There were no complaints of simulator sickness in Stage 2.

4. Discussion

This project documents the iterative development of an AI-based “virtual companion”, designed for PLWD, through two stages of development. Stage 1, while using a rudimentary version of the companion and AI tools, showed that some PLWD could tolerate wearing a VR head-mounted display and interact with the virtual companion for a few minutes. The software was limited in the questions the companion could pose, and there were delays and some difficulties with voice recognition. It was also recognized that not all PLWD would accept wearing the head-mounted display, or speaking to a stranger about personal topics. Nevertheless, the results supported proceeding to Stage 2.

Conversing with a virtual companion was more feasible for people with milder dementia who were much more verbal and likely to reminisce and tell stories. For this reason, the inclusion criteria were revised in Stage 2 to focus on participants with mild cognitive impairment or mild-to-moderate dementia.

During Stage 2, the virtual companion benefited from recent (as of the autumn of 2023) advances in AI technology to converse much more effectively on a broader range of topics. n particular, generative AI was used for the response module, and an AI solution able to generate natural speech in real time was employed for the text-to-speech module. Software limitations continued to cause conversation delays and interruptions. Because AI systems do not comprehend what the user is saying (for more on how large language models operate and reproduce human-like interactions, see [38]), it is difficult for AI systems to determine exactly when the user is finished expressing their thought. Indeed, a moment of silence when the user is speaking may represent a pause in the ongoing expression of an idea, mumbling, stuttering, a raspy voice, or in fact that the user is finished talking. The available speech-to-text module automatically processed audio information in one batch when the user was considered to be done talking, sometimes leading to noticeable delays while the system was processing all the information at once. At other times, there were interruptions by the virtual companion when users were still talking. However, the substantial increase in conversation length and positive feedback from several participants provided support for yet further development.

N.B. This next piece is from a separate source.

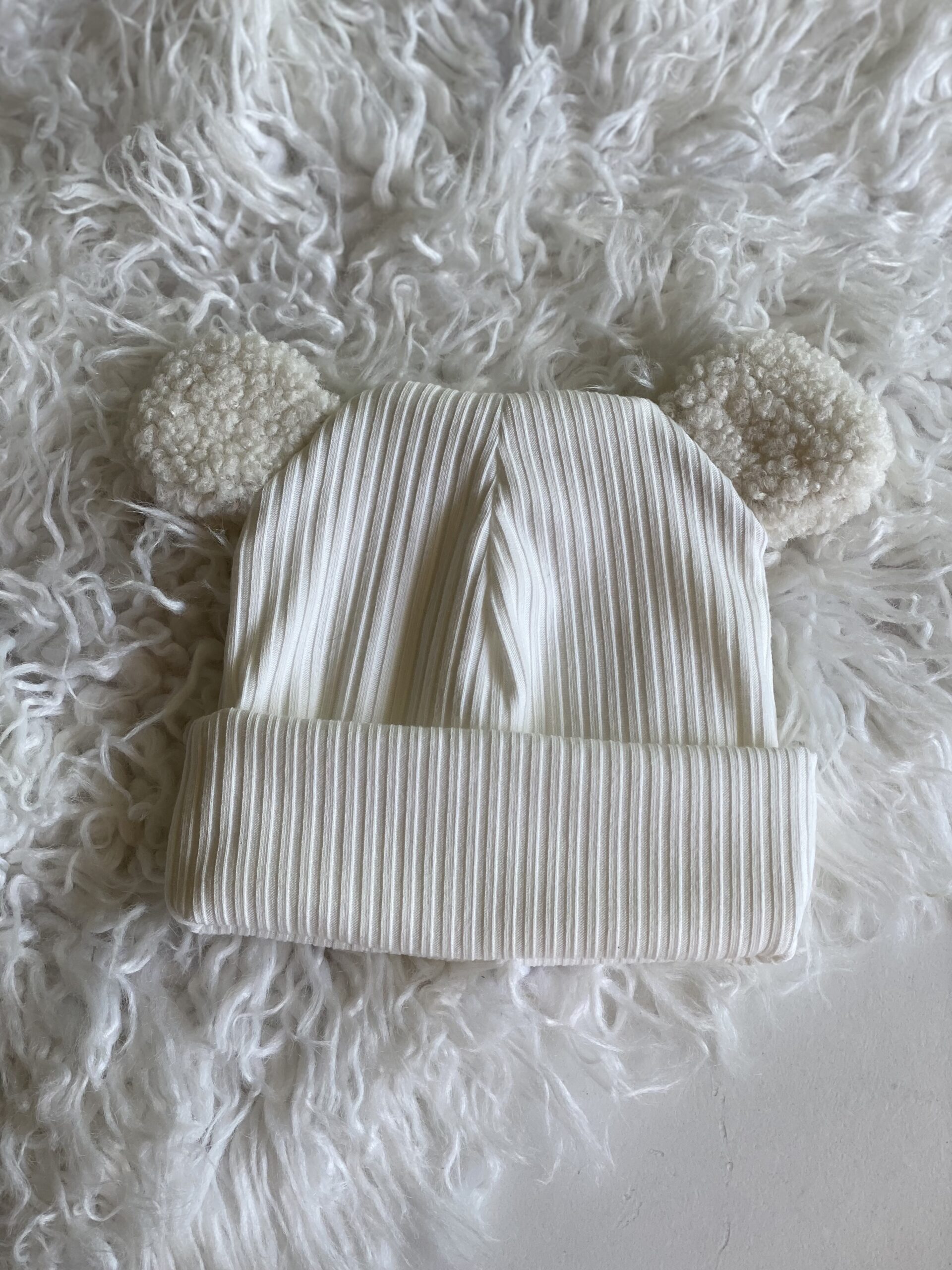 Будьте першим, хто залишив відгук “Шапочка біні молочна з вушками тедді молочні широкий рубчик”“

VR head-mounted display units are becoming more commonplace, and have been generally well tolerated by residents living in LTC, as well as their care staff [23,24,29]. In our study, a consistent complaint was that the headset was heavy. While the size and weight of VR head-mounted displays may decrease in the future, weight should be considered when choosing a particular display unit for use in this population. Some participants complained of itchiness and irritation, potentially caused by the silicone portion of the headset that contacted the skin, or the cleanser used to sanitize the unit. Furthermore, the head-mounted display did not fit comfortably over many styles and sizes of eyeglasses. Future versions of the virtual companion should be compatible with a variety of different head-mounted displays.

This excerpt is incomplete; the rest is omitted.